Illustration by Abro In the latest — perhaps the last — instalment of the Shopaholic series, Shopaholic to the Rescue, Becky Brandon takes a road-trip across the American West in search of her father, who has suddenly gone off on a mysterious mission involving a friend from the past. On the one hand, Becky’s mum is convinced that there must be another woman in her husband’s life; on the other, Becky’s best friend Suze is hysterical because not only has her husband Tarkie disappeared along with Becky’s dad, but so has Bryce, an unscrupulous character who may be manipulating Tarkie. So what can Becky do but marshal a trailer full of people to track down these missing persons?
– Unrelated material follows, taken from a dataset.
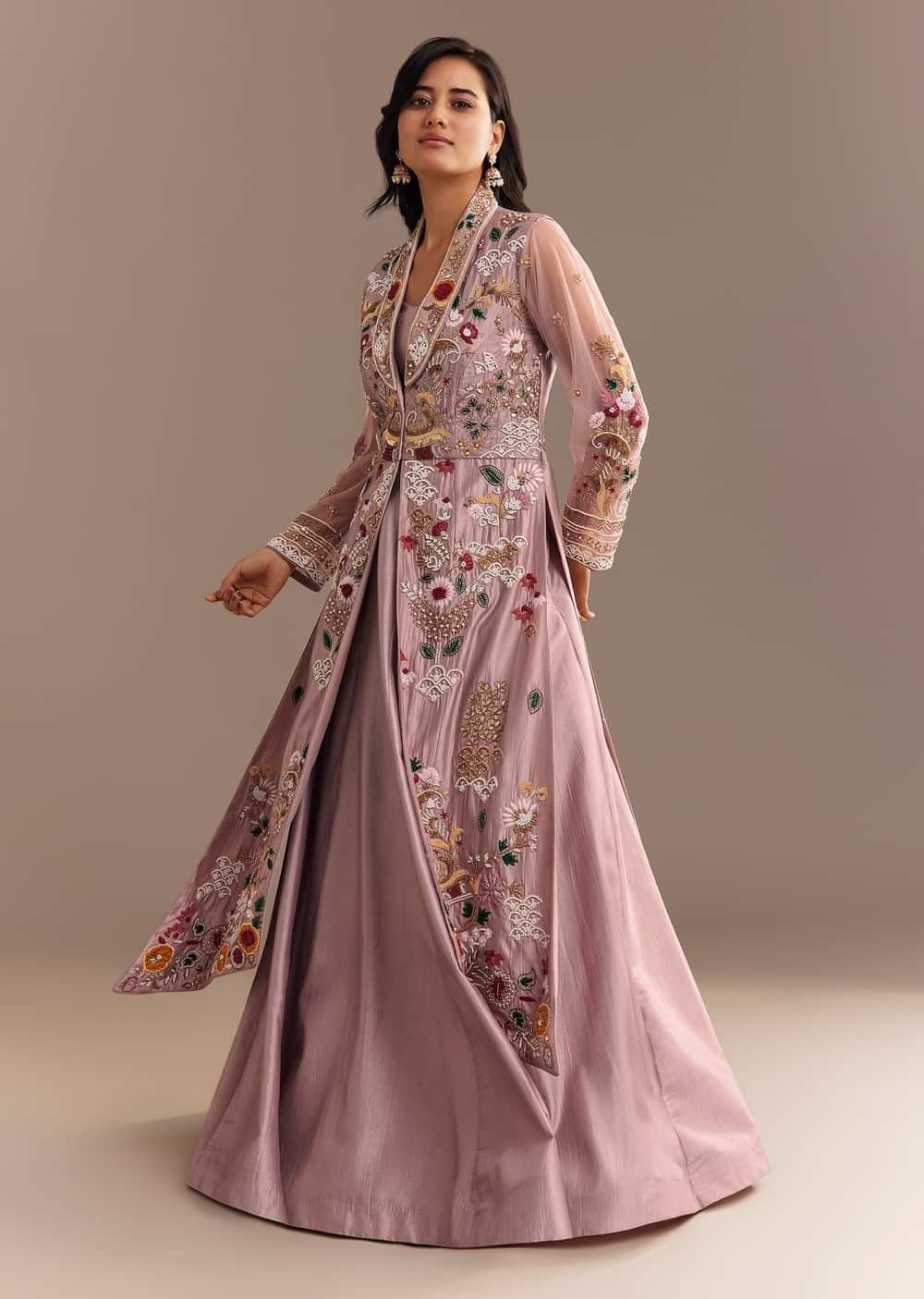 Lavender Zardosi Embroidered Jacket Lehenga Set
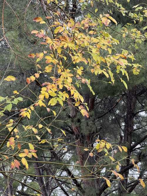 It’s pretty in a subtle way. Yellows and browns and greens with just a touch of reddish shades here and there. And in the grey, rainy, gloomy, damp lighting of mid afternoon, it stands out.

The would-be rescuers include her husband Luke, her daughter Minnie, her mum, her mum’s best friend Janice, her best friend Suze, and her arch-nemesis Alicia.
The ‘searching for my bolted dad’ part of the book is a bit of a MacGuffin: one can’t see the compulsion to drop everything and track down Walter Bloomwood, after he has left a note explaining that he will be back in a few days anyway. Shopaholic to the Rescue is not based on the most robust premise: What does Becky’s Dad need rescuing from? Why isn’t he talking to her mum? Why did he choose to stir up such a panic over telling a convenient and plausible lie? Irrelevant questions, all of them, since nobody ever picked up a Sophie Kinsella book for its punch-in-the-gut realism, and this rather implausible set-up does its job of providing ample space for the hijinks that follow. Hyperbolic scenarios, theatrical dialogue and amusing escapades abound and those who have been loyal Shopaholic fans will happily settle down to the familiar tenor of the narrative. In a particularly amusing scene Becky, disguised as a world-renowned French potter, tells an artist, “Form is dead,” followed by the internal remark, “Perfect. If form’s dead, I don’t have to talk about it.”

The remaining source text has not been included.